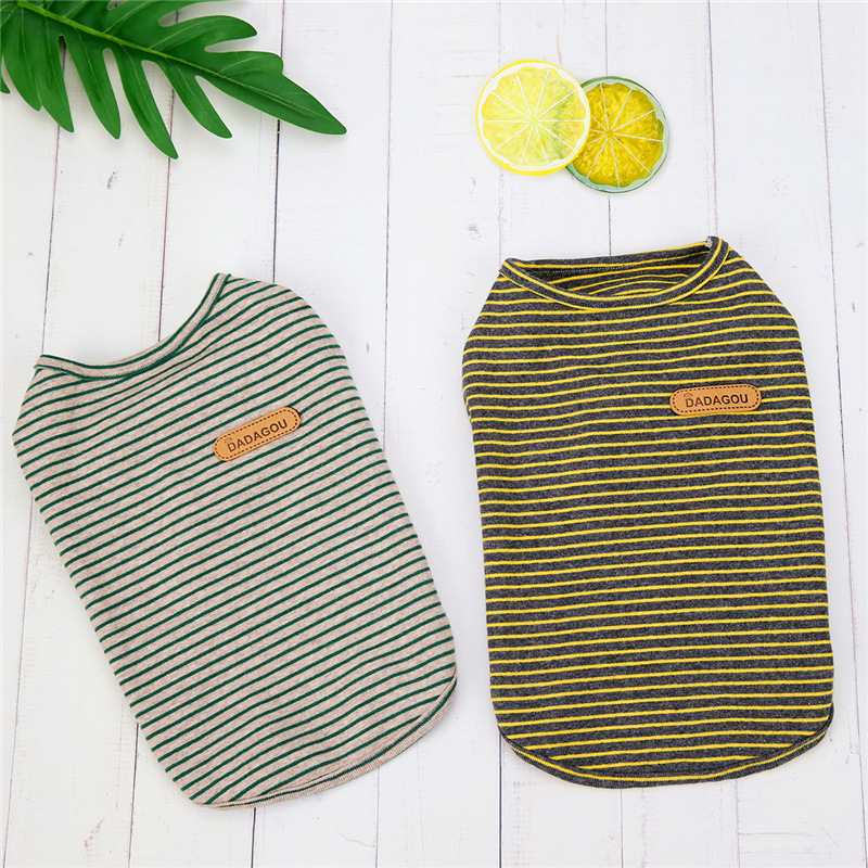Pakaian hewan peliharaan baru musim semi dan musim panas rompi bergaris trendi Chihuahua VIP beruang teddy
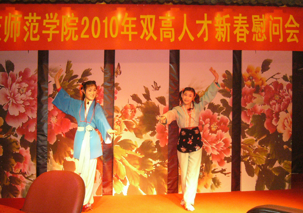 慰问会上还举行了黄梅戏专场演出。山庄戏楼的优秀演员们为beat365官网教授、博士们献上《闹花灯》、《打猪草》等精彩的黄梅戏节目,演员的优美的唱腔、绘声绘色的表演时而令人啧啧赞叹,时而令人捧腹大笑,两个多小时的精彩表演,让教授、博士们一洗平日学问的清苦和工作的劳累。副院长张群教授、数学学院党总支书记周其生教授与演员们进行了精彩的互动演出,来自资源与环境学院郭永昌博士还为大家献上悦耳的《草原恋》。慰问会上,其他教师也纷纷登台献艺,展现出beat365官网教师爱校爱岗、多才多艺的精神风貌。
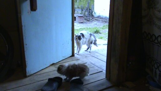 Найденыши знакомятся с кошками.
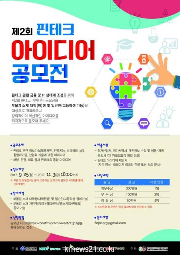 공모는 블록체인·인공지능·빅데이터·IoT(사물인터넷) 등 최신 정보기술을 활용한 핀테크 창업 아이템이나 핀테크와 해양·관광·의료 등 유망 산업간 융합아이디어 등을 주제로 한다.
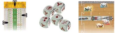 速度の目に対応して速度を変更した後、場合に応じて疲労の目の分だけダメージを調整し、スピードとダメージを記録します。スピードトラックの数に応じて前進させます。またレーン変更の目が出ていればレーンを変更できます。コーナーにある数字を越える場合には越えた分だけダメージを、また衝突した場合は双方にダメージを受け、衝突の処理を行ないます。
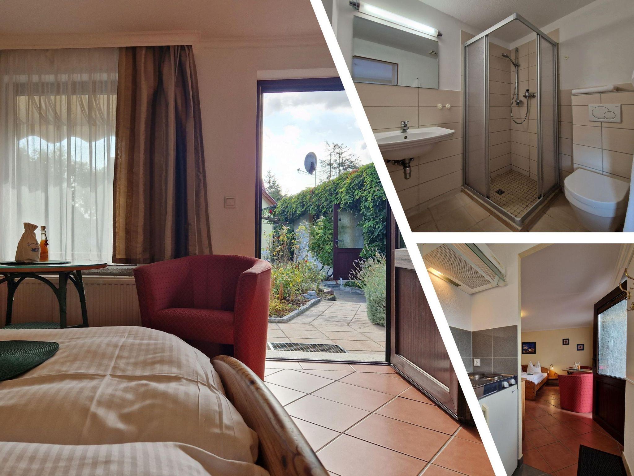 Vor der Haustür lädt der Garten zum Frühstücken oder Entspannen in der Sonne ein - genießen Sie die Ruhe und Natur um sich herum. Das Badezimmer ist mit einer Dusche und WC ausgestattet, sodass Sie sich während Ihres Aufenthalts rundum wohlfühlen können.
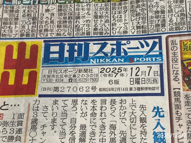 関西地方のスポー新聞は1面は阪神ネタが多いのですが、この日は競馬でした。
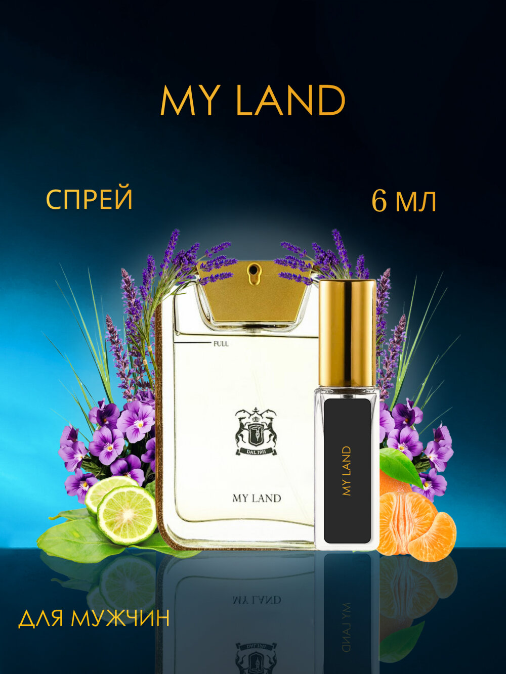 В приглушенном цитрусовом начале явно солирует бергамот, а мандарин лишь усиливает его колкую терпкость. В цветочно-пряном сердце духов утонченная лаванда и бархатная фиалка очаровывают окружающих своей благородной красотой. Ощущение захватывающего дух простора передает решительный компонент calone, умело вплетающийся в освежающее звучание вступительных нот. В завершении пирамиды «My Land» играют соблазнительные нотки кожи, окруженные сладостью бобов тонка, смолистой горечью ветивера и согревающими аккордами кашмерана.
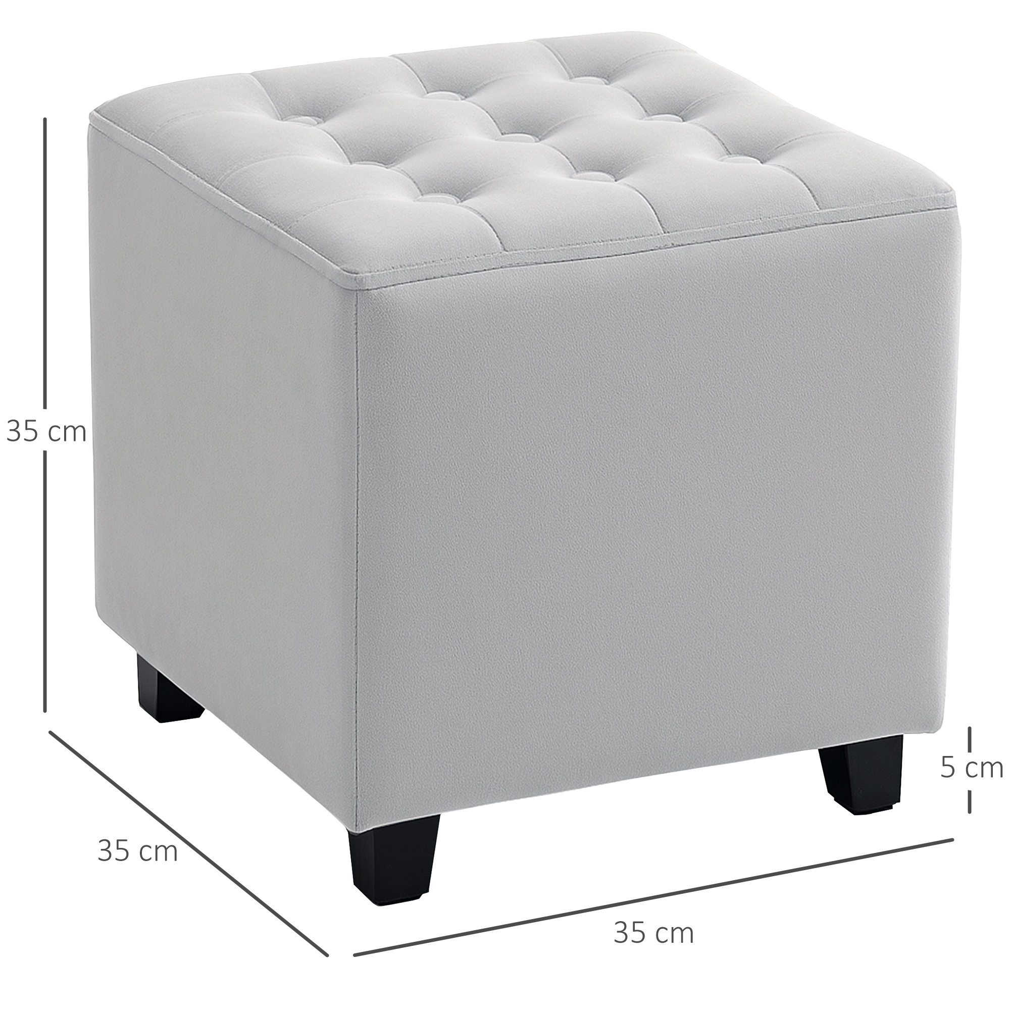 This HOMCOM square footstool does more than just look good. Sized at 35 x 35cm and weighing 2.85kg, this is a compact and lightweight piece - use pouffe stool for extra seating or a footrest. Finished in velvet-feel fabric, this is a soft and luxurious piece.

......

- PROBLEM
Exact copy, no pictures: reproduce every record as it stands.

- YOUR SOLUTION
Pakaian hewan peliharaan baru musim semi dan musim panas rompi bergaris trendi Chihuahua VIP beruang teddy
 慰问会上还举行了黄梅戏专场演出。山庄戏楼的优秀演员们为beat365官网教授、博士们献上《闹花灯》、《打猪草》等精彩的黄梅戏节目,演员的优美的唱腔、绘声绘色的表演时而令人啧啧赞叹,时而令人捧腹大笑,两个多小时的精彩表演,让教授、博士们一洗平日学问的清苦和工作的劳累。副院长张群教授、数学学院党总支书记周其生教授与演员们进行了精彩的互动演出,来自资源与环境学院郭永昌博士还为大家献上悦耳的《草原恋》。慰问会上,其他教师也纷纷登台献艺,展现出beat365官网教师爱校爱岗、多才多艺的精神风貌。
 Найденыши знакомятся с кошками.
 공모는 블록체인·인공지능·빅데이터·IoT(사물인터넷) 등 최신 정보기술을 활용한 핀테크 창업 아이템이나 핀테크와 해양·관광·의료 등 유망 산업간 융합아이디어 등을 주제로 한다.
 速度の目に対応して速度を変更した後、場合に応じて疲労の目の分だけダメージを調整し、スピードとダメージを記録します。スピードトラックの数に応じて前進させます。またレーン変更の目が出ていればレーンを変更できます。コーナーにある数字を越える場合には越えた分だけダメージを、また衝突した場合は双方にダメージを受け、衝突の処理を行ないます。
 Vor der Haustür lädt der Garten zum Frühstücken oder Entspannen in der Sonne ein - genießen Sie die Ruhe und Natur um sich herum. Das Badezimmer ist mit einer Dusche und WC ausgestattet, sodass Sie sich während Ihres Aufenthalts rundum wohlfühlen können.
 関西地方のスポー新聞は1面は阪神ネタが多いのですが、この日は競馬でした。
 В приглушенном цитрусовом начале явно солирует бергамот, а мандарин лишь усиливает его колкую терпкость. В цветочно-пряном сердце духов утонченная лаванда и бархатная фиалка очаровывают окружающих своей благородной красотой. Ощущение захватывающего дух простора передает решительный компонент calone, умело вплетающийся в освежающее звучание вступительных нот. В завершении пирамиды «My Land» играют соблазнительные нотки кожи, окруженные сладостью бобов тонка, смолистой горечью ветивера и согревающими аккордами кашмерана.
 This HOMCOM square footstool does more than just look good. Sized at 35 x 35cm and weighing 2.85kg, this is a compact and lightweight piece - use pouffe stool for extra seating or a footrest. Finished in velvet-feel fabric, this is a soft and luxurious piece.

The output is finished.